Return the records exactly as they appear below, omitting the pictures.

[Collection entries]
====

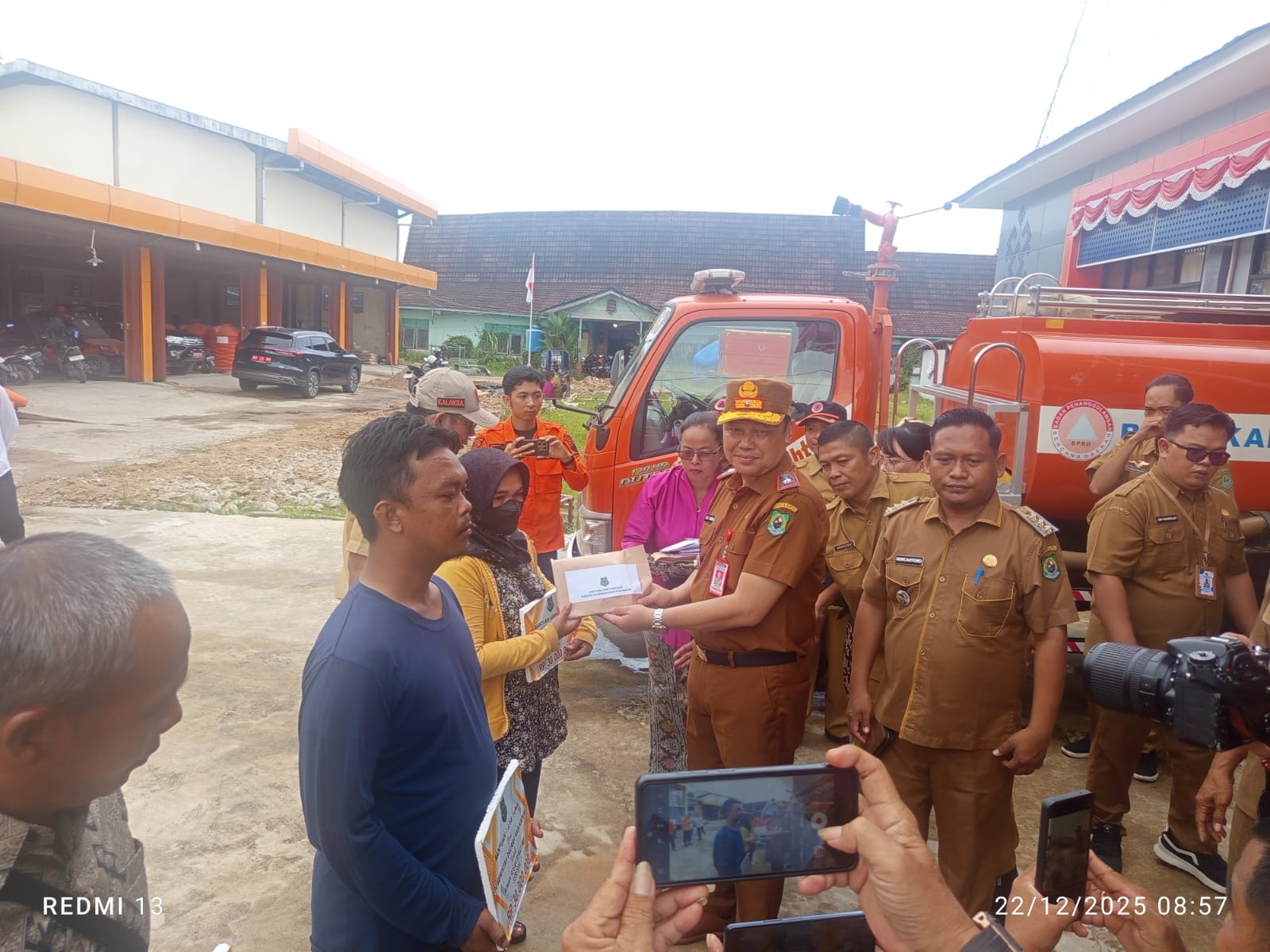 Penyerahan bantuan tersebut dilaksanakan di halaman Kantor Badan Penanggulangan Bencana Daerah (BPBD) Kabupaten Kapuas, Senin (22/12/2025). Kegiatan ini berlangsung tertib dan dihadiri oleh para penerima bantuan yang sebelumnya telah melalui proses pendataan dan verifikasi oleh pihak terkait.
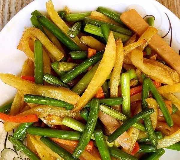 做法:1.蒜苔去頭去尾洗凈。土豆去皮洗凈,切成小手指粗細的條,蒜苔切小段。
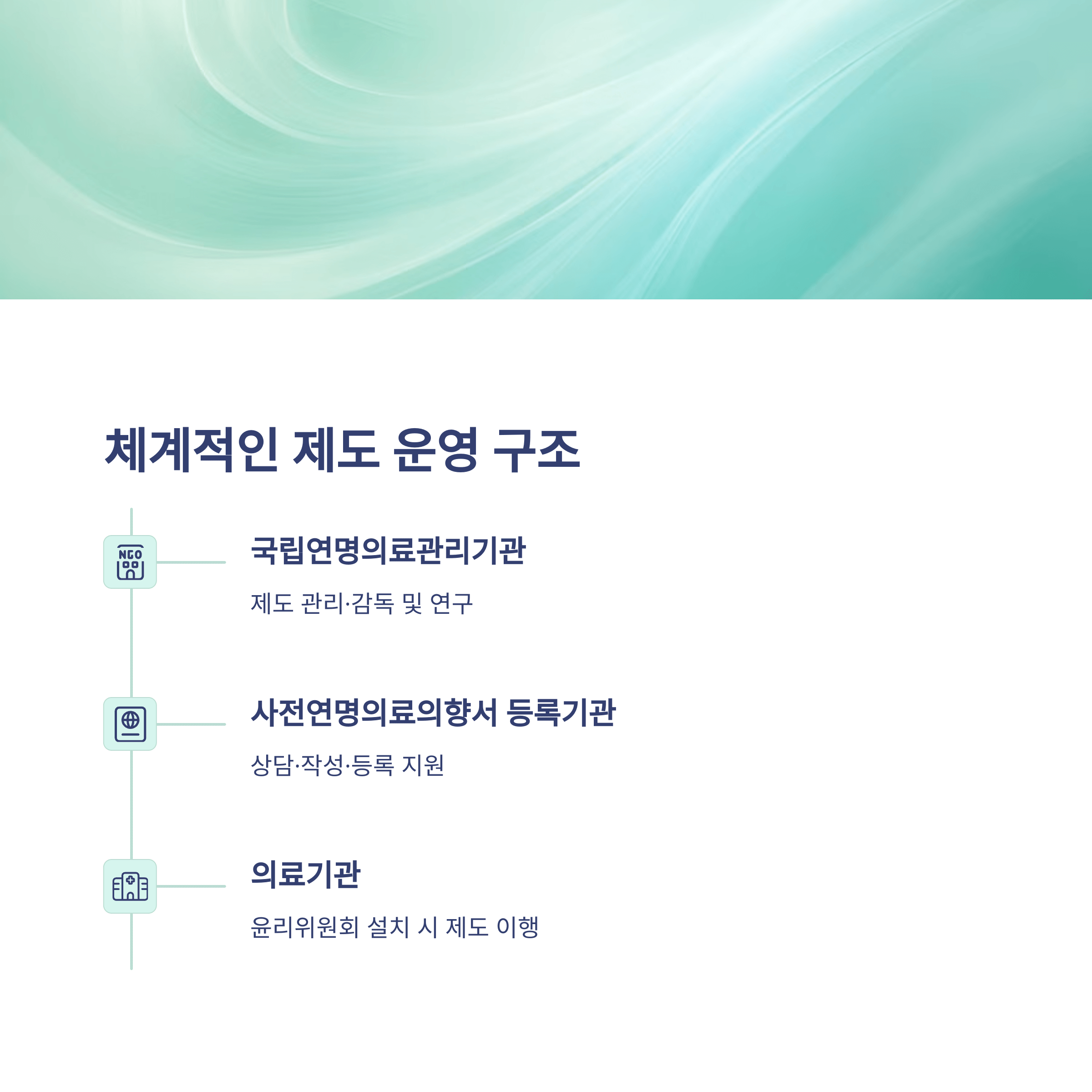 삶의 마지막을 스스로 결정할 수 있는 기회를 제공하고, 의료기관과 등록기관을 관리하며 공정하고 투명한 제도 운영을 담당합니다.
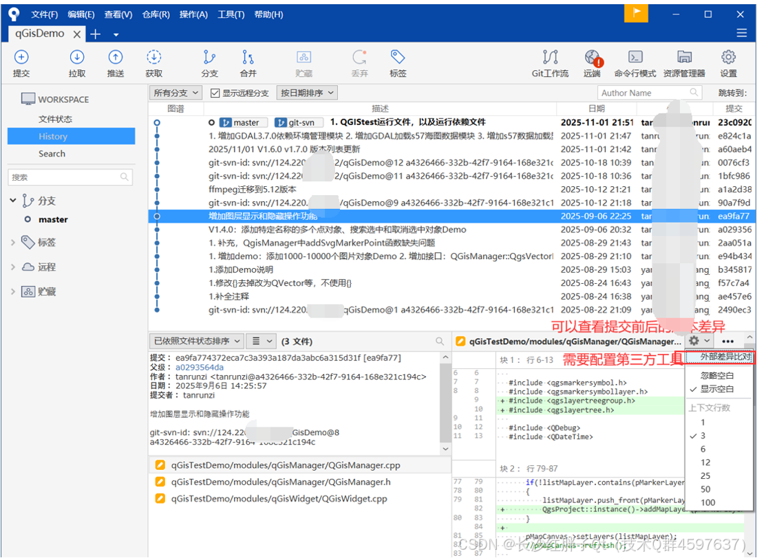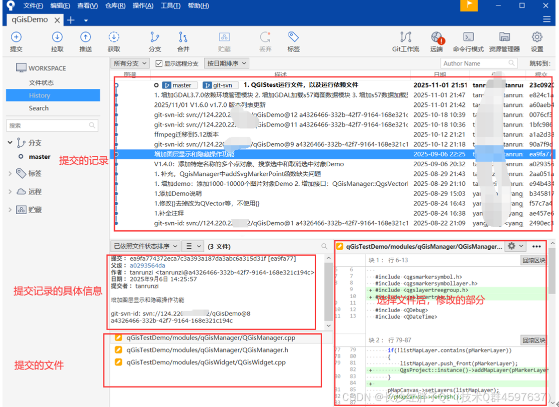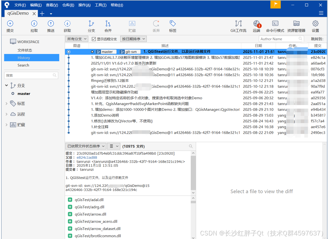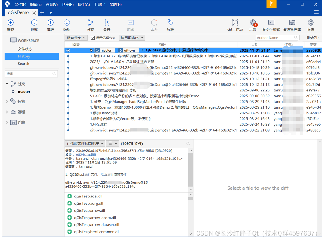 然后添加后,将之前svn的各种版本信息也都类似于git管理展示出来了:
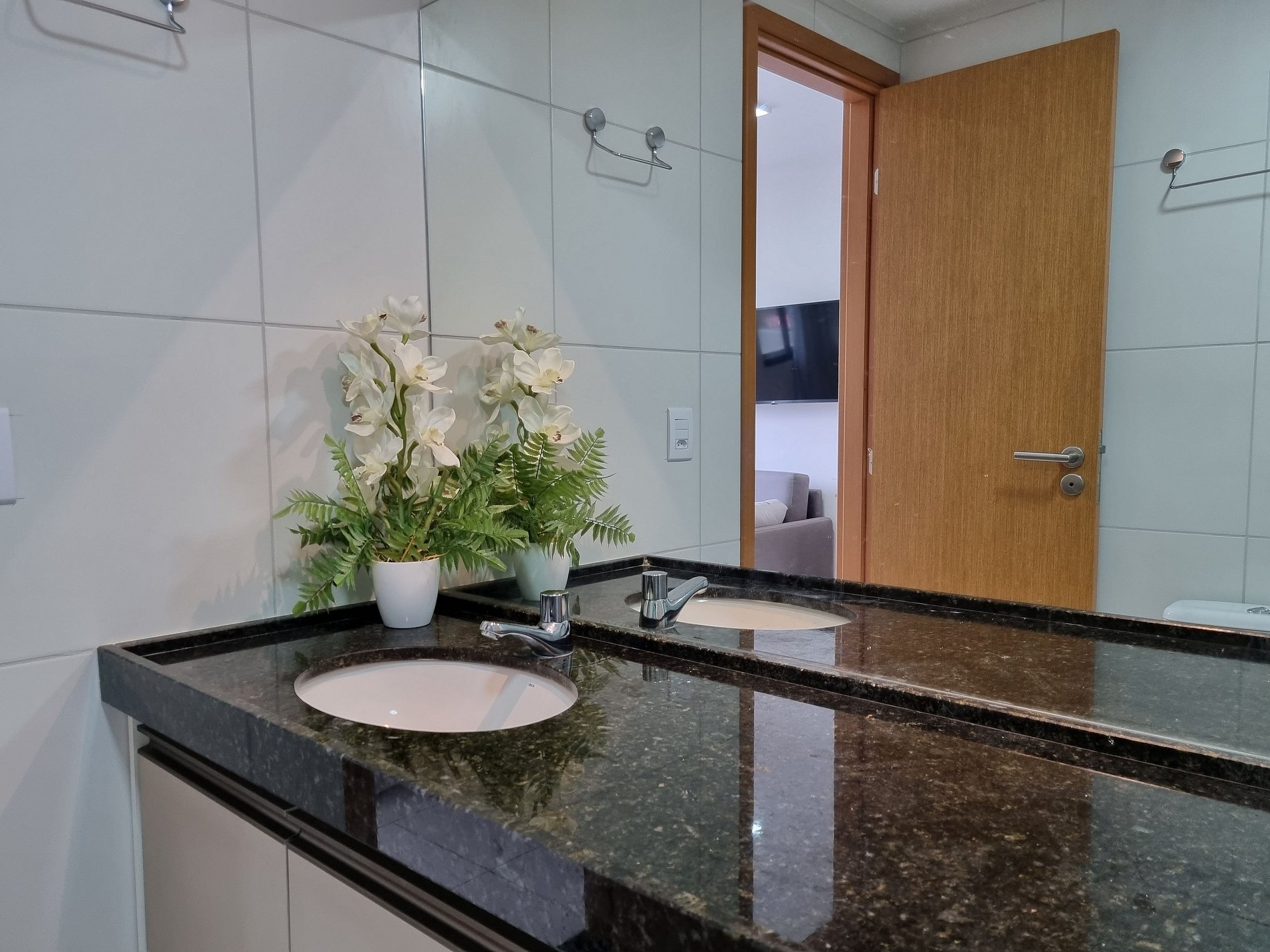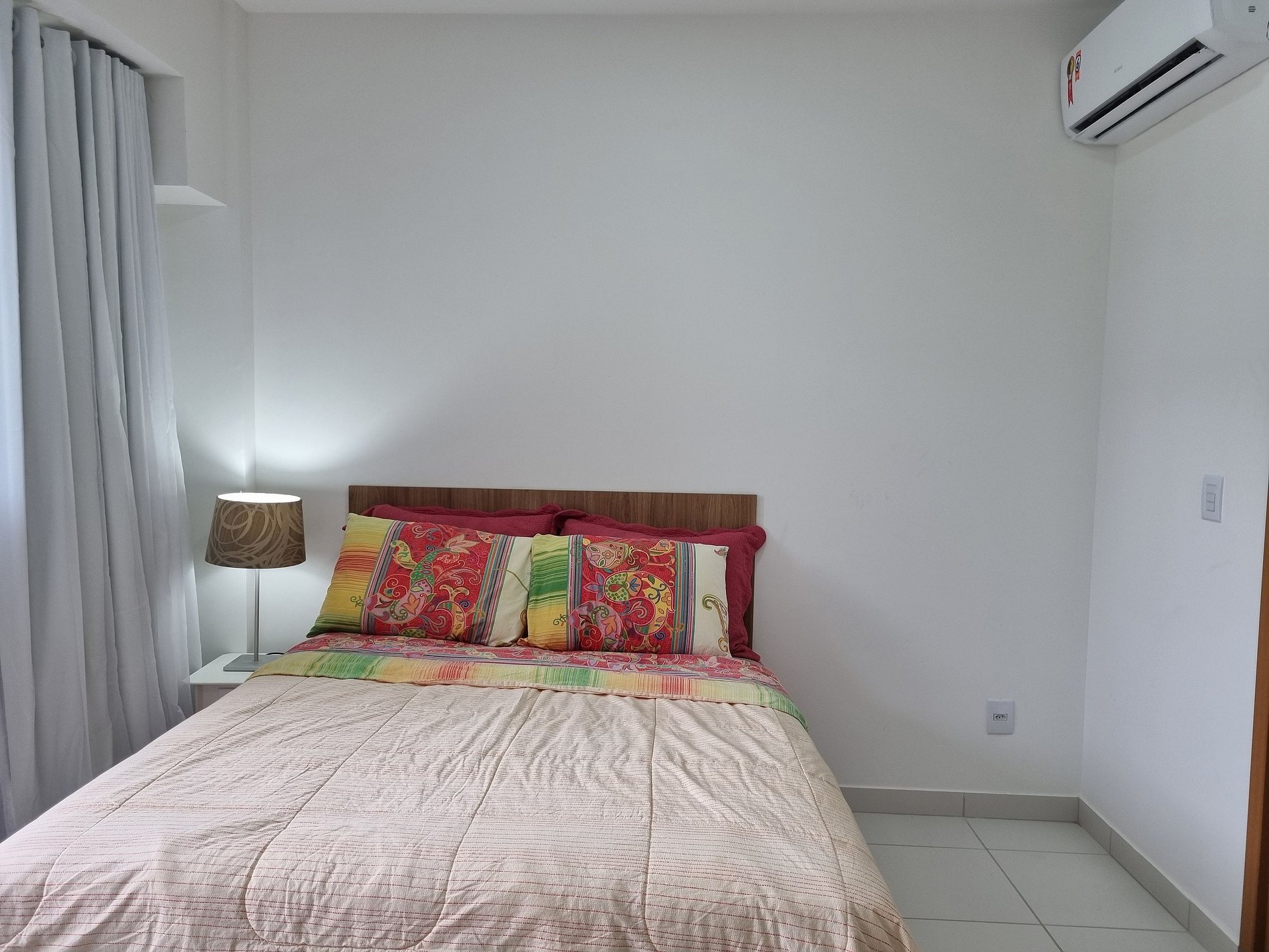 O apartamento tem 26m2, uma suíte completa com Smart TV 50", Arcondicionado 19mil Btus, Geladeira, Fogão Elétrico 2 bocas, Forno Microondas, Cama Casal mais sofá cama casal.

====

**Task response:**
 Penyerahan bantuan tersebut dilaksanakan di halaman Kantor Badan Penanggulangan Bencana Daerah (BPBD) Kabupaten Kapuas, Senin (22/12/2025). Kegiatan ini berlangsung tertib dan dihadiri oleh para penerima bantuan yang sebelumnya telah melalui proses pendataan dan verifikasi oleh pihak terkait.
 做法:1.蒜苔去頭去尾洗凈。土豆去皮洗凈,切成小手指粗細的條,蒜苔切小段。
 삶의 마지막을 스스로 결정할 수 있는 기회를 제공하고, 의료기관과 등록기관을 관리하며 공정하고 투명한 제도 운영을 담당합니다.
 然后添加后,将之前svn的各种版本信息也都类似于git管理展示出来了:
 O apartamento tem 26m2, uma suíte completa com Smart TV 50", Arcondicionado 19mil Btus, Geladeira, Fogão Elétrico 2 bocas, Forno Microondas, Cama Casal mais sofá cama casal.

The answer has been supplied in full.